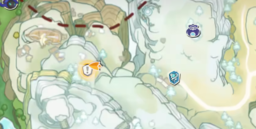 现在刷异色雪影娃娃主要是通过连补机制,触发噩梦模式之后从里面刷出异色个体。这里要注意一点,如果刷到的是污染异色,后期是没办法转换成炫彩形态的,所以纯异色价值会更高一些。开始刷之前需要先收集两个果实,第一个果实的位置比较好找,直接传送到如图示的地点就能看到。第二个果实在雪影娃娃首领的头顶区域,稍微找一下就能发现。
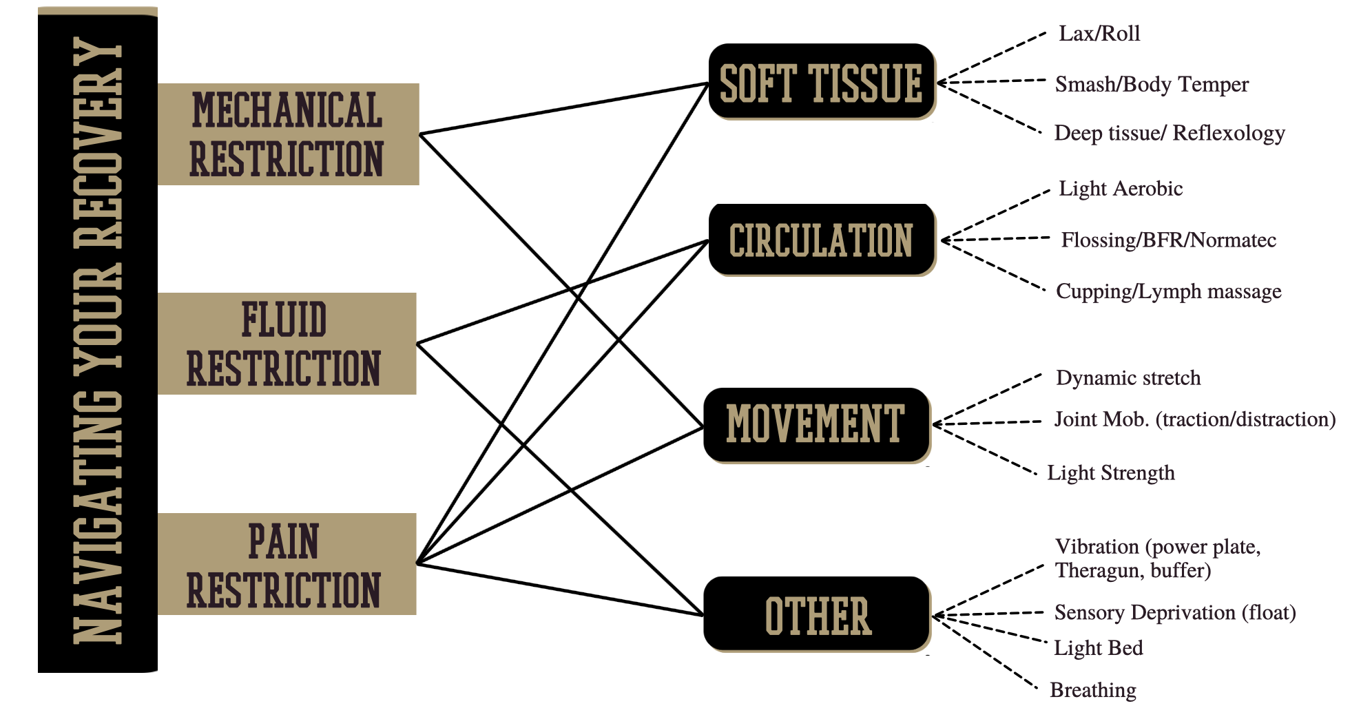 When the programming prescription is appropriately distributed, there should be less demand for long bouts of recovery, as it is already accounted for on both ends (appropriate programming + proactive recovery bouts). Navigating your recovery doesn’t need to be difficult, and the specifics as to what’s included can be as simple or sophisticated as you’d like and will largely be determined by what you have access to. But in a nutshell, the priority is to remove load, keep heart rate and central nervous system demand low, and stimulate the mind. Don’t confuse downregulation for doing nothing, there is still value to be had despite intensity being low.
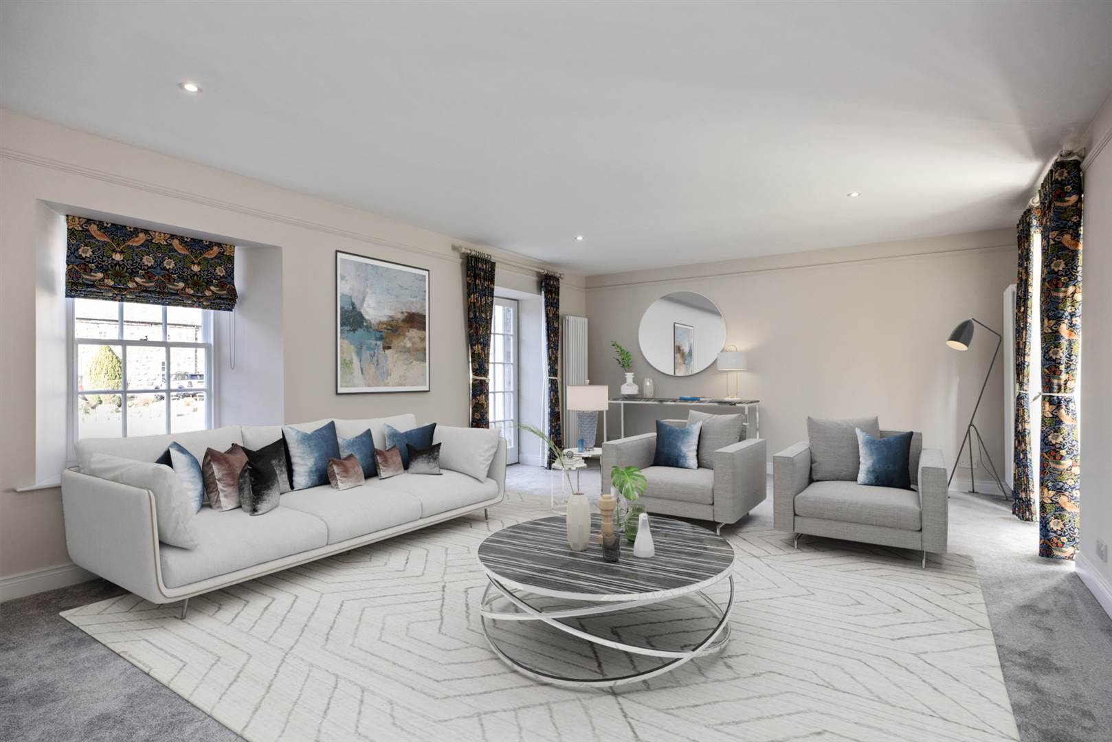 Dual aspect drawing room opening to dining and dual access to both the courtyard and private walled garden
+---+
• Directions for this task
Without the pictures, write out all of the material exactly.

• Answer section
 现在刷异色雪影娃娃主要是通过连补机制,触发噩梦模式之后从里面刷出异色个体。这里要注意一点,如果刷到的是污染异色,后期是没办法转换成炫彩形态的,所以纯异色价值会更高一些。开始刷之前需要先收集两个果实,第一个果实的位置比较好找,直接传送到如图示的地点就能看到。第二个果实在雪影娃娃首领的头顶区域,稍微找一下就能发现。
 When the programming prescription is appropriately distributed, there should be less demand for long bouts of recovery, as it is already accounted for on both ends (appropriate programming + proactive recovery bouts). Navigating your recovery doesn’t need to be difficult, and the specifics as to what’s included can be as simple or sophisticated as you’d like and will largely be determined by what you have access to. But in a nutshell, the priority is to remove load, keep heart rate and central nervous system demand low, and stimulate the mind. Don’t confuse downregulation for doing nothing, there is still value to be had despite intensity being low.
 Dual aspect drawing room opening to dining and dual access to both the courtyard and private walled garden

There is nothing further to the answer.